Chiaramente questo aspetto ha influenzato molto il nostro linguaggio artistico, che nasceva già con l’obbiettivo di essere universale e che nel tempo si è arricchito anche dell’esperienza mondiale, del plurilinguismo e del confronto interculturale. Il nostro nuovo progetto di produzione, The Global City, nasce da una collaborazione produttiva tra il Festival FIDAE in Uruguay e il Teatro Nazionale di Genova, su una drammaturgia originale, scritta da Nicola Pianzola, già in tre lingue: Italiano, Spagnolo e Inglese. Lo spettacolo, che debutterà ad agosto 2019 in Uruguay e ad ottobre 2019 a Genova, sarà un viaggio sensoriale (acustico, visivo, etc.) attraverso i luoghi che ci hanno accompagnati in questi anni di circuitazione mondiale, in particolare le grandi megalopoli del pianeta dove abbiamo diretto in nostri progetti.
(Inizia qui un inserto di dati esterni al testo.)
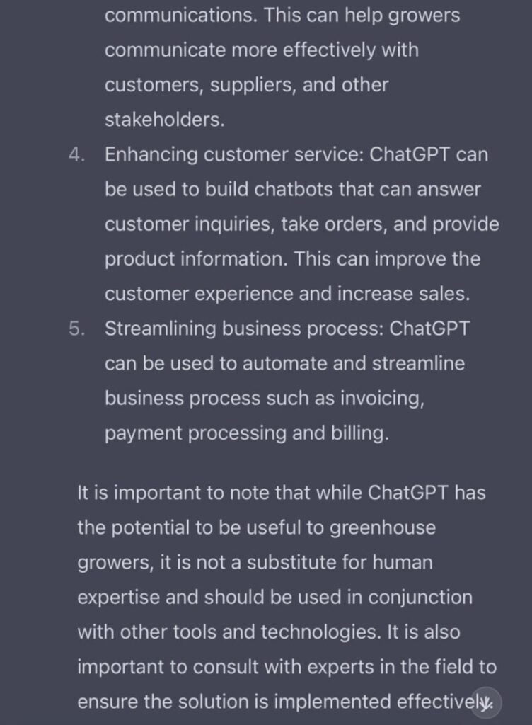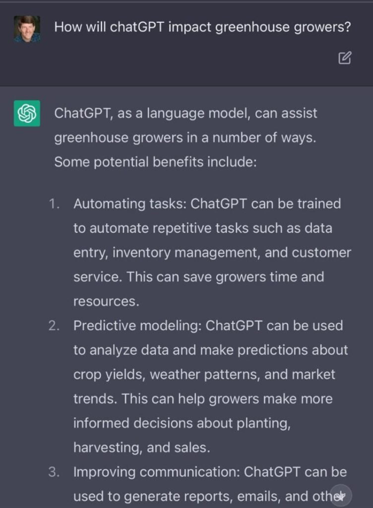 - Not a specific example, but interesting that it was brought up by greenhouse & data specialist John Beauford: How chatGPT may impact the horticulture industry: ChatGPT can be of great assistance to horticulture growers by providing an advanced and integrated technology system for their greenhouses.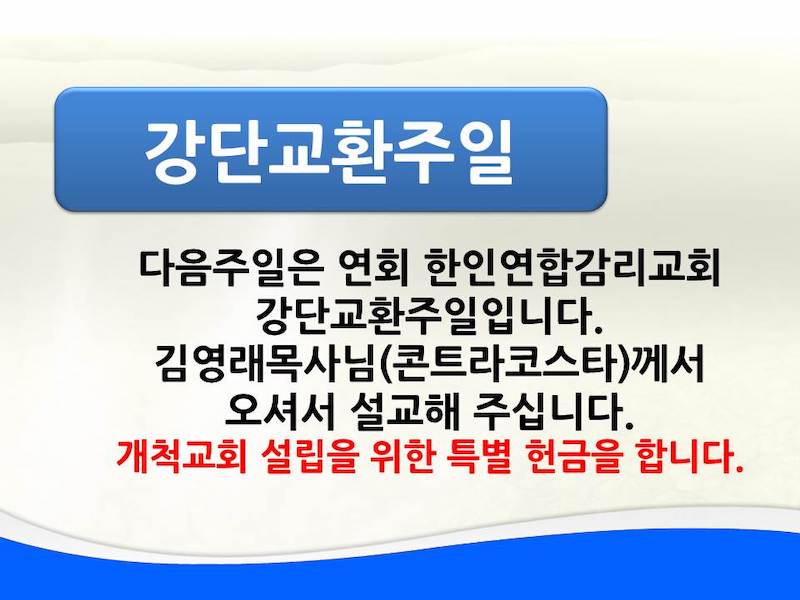 강단교환주일 Publish on February 11,2015 | 관리자 페이지 정보 작성자 관리자 댓글 0건 조회 5,927회 작성일 15-02-11 16:59 목록 본문 다음주일은 연회 한인연합감리교회 강단교환주일입니다.김영래목사님(콘트라코스타)께서 오셔서 설교해 주십니다. 개척교회 설립을 위한 특별 헌금을 합니다. 이전글2015년 2월 15일 15.02.15 다음글사랑 페스티발 15.02.11 댓글 0 댓글목록 등록된 댓글이 없습니다. 목록

Il vostro punto di vista internazionale vi permette uno sguardo un po’ più privilegiato e acuto sulla situazione italiana del teatro: cosa potete dirne?
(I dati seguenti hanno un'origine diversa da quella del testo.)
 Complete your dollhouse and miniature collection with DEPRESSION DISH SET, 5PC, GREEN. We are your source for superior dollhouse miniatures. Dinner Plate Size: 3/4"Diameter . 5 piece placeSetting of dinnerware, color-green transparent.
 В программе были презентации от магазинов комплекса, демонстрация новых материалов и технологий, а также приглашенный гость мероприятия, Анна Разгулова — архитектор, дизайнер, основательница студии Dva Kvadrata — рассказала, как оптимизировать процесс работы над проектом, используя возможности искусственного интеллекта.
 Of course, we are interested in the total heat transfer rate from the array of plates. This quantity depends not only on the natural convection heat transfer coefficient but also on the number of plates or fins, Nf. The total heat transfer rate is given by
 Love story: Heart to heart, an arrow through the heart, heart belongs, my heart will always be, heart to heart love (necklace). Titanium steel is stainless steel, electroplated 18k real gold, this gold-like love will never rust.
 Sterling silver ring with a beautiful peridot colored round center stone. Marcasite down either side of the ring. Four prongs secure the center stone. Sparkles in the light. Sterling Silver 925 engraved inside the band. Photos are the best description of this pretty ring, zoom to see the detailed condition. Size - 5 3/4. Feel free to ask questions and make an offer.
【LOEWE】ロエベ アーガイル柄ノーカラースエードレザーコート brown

Per quanto ci riguarda spesso i confini del teatro Italiano sono per noi un po’ stretti, soprattutto la suddivisione in generi precisi che rende poco permeabile la scena contemporanea e a volte rappresenta un ostacolo alla circuitazione di prodotti “diversi”, poco definibili e catalogabili. A volte ci sentiamo un po’ degli outsider, altre volte però ci sentiamo pienamente “Italiani” e siamo contenti di rappresentare l’alta qualità artistica del nostro paese all’estero. Sicuramente il sistema di finanziamento del teatro Italiano ha diverse lacune e non favorisce la circuitazione e l’ospitalità internazionale, e quindi, di conseguenza, il confronto. Il nostro spesso è un mondo molto piccolo in cui è difficile avere continuità e serenità, cosa che spesso può condizionare molto il lavoro di una compagnia come la nostra, abituata a spaziare tra i generi, gli spazi e le situazioni in cui si trova ad operare.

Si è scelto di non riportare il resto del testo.